### AIM OF THE TASK:
Quote the listing below in its entirety, omitting every image.

### DATASET EXCERPT:
☆ ☆ ☆ ☆ ☆ ☆ ☆

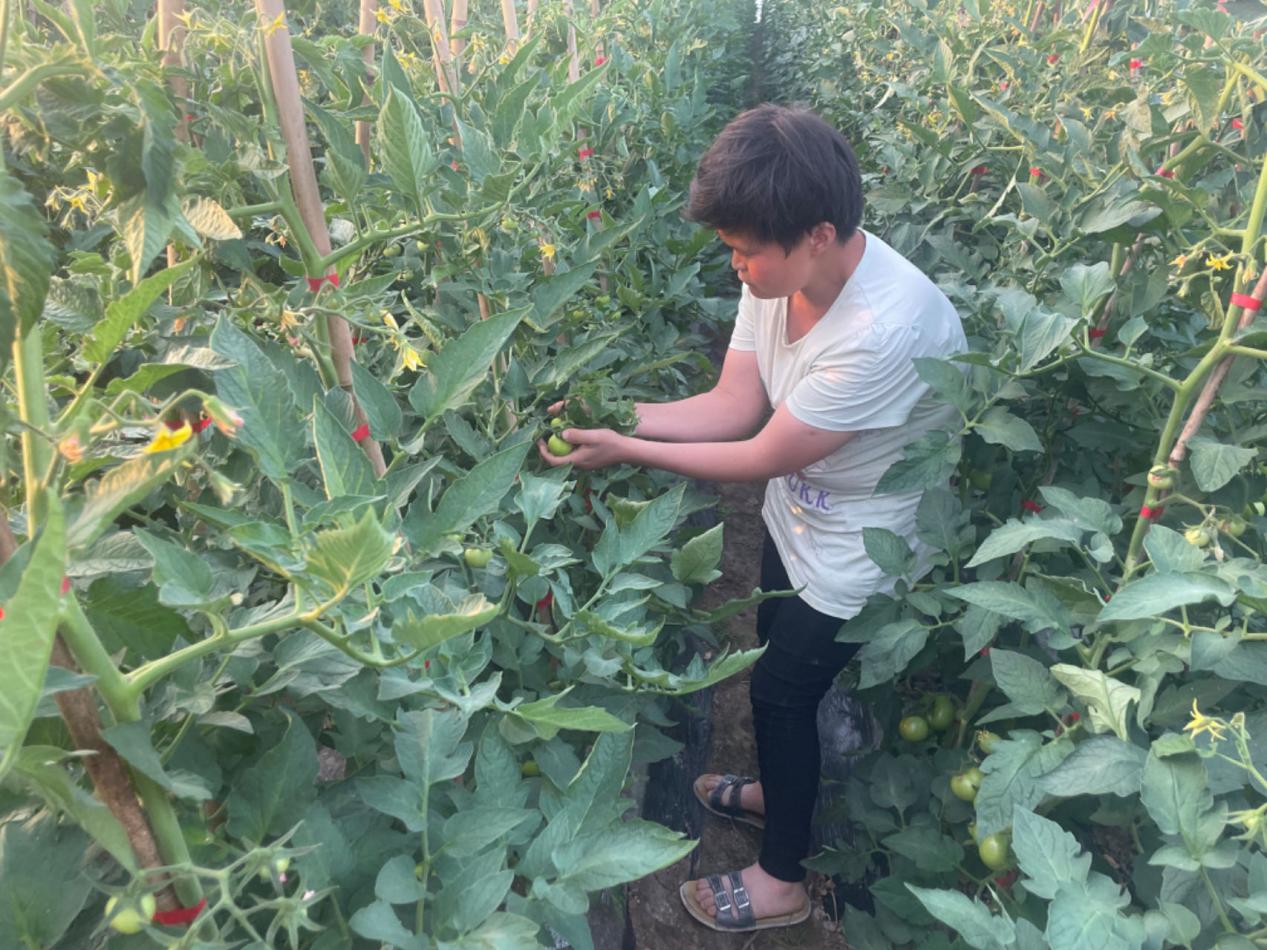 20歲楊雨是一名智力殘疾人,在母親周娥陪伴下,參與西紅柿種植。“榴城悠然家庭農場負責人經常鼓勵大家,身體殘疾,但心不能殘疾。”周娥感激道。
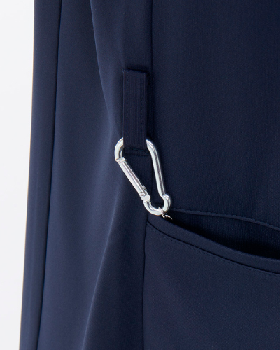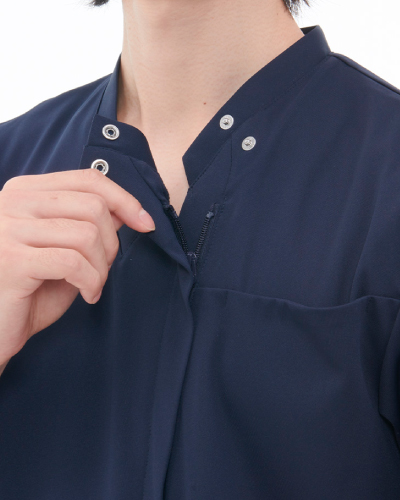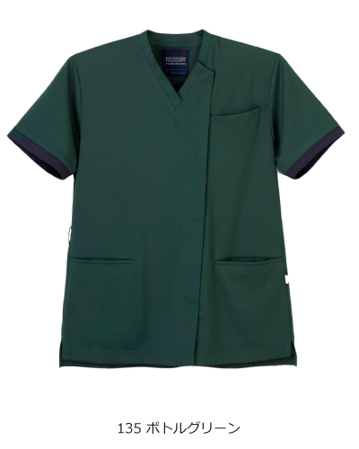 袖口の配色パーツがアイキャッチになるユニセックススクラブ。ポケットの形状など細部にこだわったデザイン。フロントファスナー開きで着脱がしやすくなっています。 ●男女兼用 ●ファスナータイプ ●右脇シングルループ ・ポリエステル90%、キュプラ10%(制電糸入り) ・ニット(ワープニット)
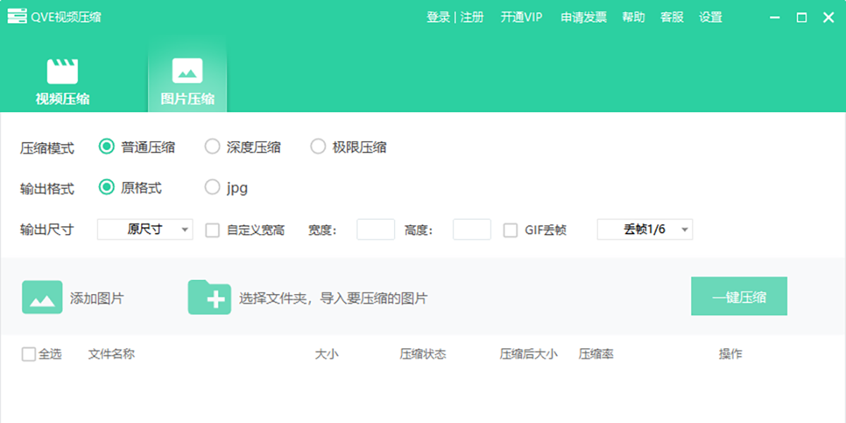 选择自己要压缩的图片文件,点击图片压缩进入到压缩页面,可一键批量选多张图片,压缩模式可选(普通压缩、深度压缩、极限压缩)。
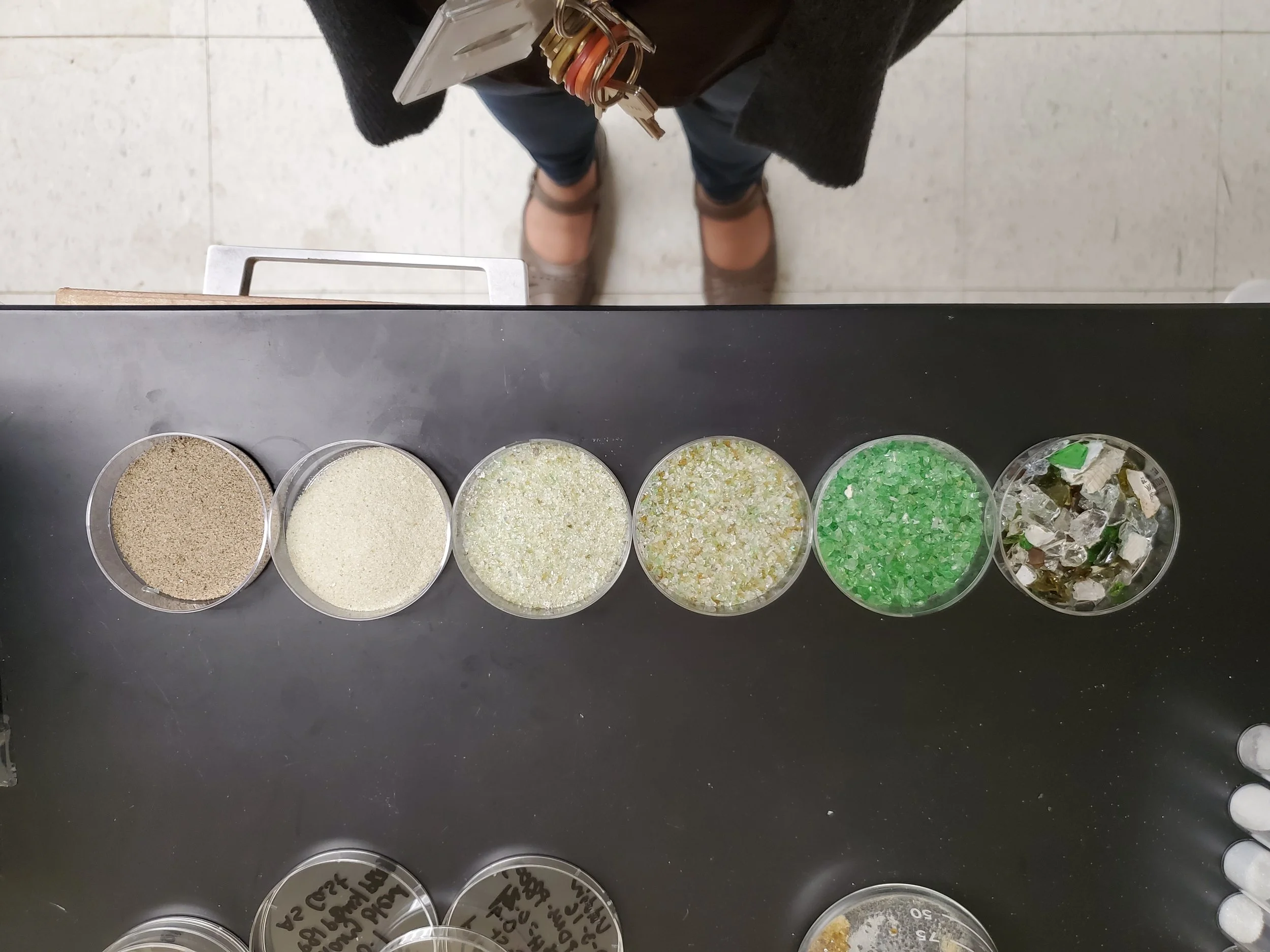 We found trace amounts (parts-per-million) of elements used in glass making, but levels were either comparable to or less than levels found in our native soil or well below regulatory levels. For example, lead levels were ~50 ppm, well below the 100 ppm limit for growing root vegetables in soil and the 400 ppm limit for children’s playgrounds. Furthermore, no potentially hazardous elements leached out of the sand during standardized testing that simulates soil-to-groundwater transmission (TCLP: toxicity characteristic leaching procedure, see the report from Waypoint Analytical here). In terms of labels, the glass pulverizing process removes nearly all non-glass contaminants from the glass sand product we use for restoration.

☆ ☆ ☆ ☆ ☆ ☆ ☆

### EXERCISE ANSWER:
 20歲楊雨是一名智力殘疾人,在母親周娥陪伴下,參與西紅柿種植。“榴城悠然家庭農場負責人經常鼓勵大家,身體殘疾,但心不能殘疾。”周娥感激道。
 袖口の配色パーツがアイキャッチになるユニセックススクラブ。ポケットの形状など細部にこだわったデザイン。フロントファスナー開きで着脱がしやすくなっています。 ●男女兼用 ●ファスナータイプ ●右脇シングルループ ・ポリエステル90%、キュプラ10%(制電糸入り) ・ニット(ワープニット)
 选择自己要压缩的图片文件,点击图片压缩进入到压缩页面,可一键批量选多张图片,压缩模式可选(普通压缩、深度压缩、极限压缩)。
 We found trace amounts (parts-per-million) of elements used in glass making, but levels were either comparable to or less than levels found in our native soil or well below regulatory levels. For example, lead levels were ~50 ppm, well below the 100 ppm limit for growing root vegetables in soil and the 400 ppm limit for children’s playgrounds. Furthermore, no potentially hazardous elements leached out of the sand during standardized testing that simulates soil-to-groundwater transmission (TCLP: toxicity characteristic leaching procedure, see the report from Waypoint Analytical here). In terms of labels, the glass pulverizing process removes nearly all non-glass contaminants from the glass sand product we use for restoration.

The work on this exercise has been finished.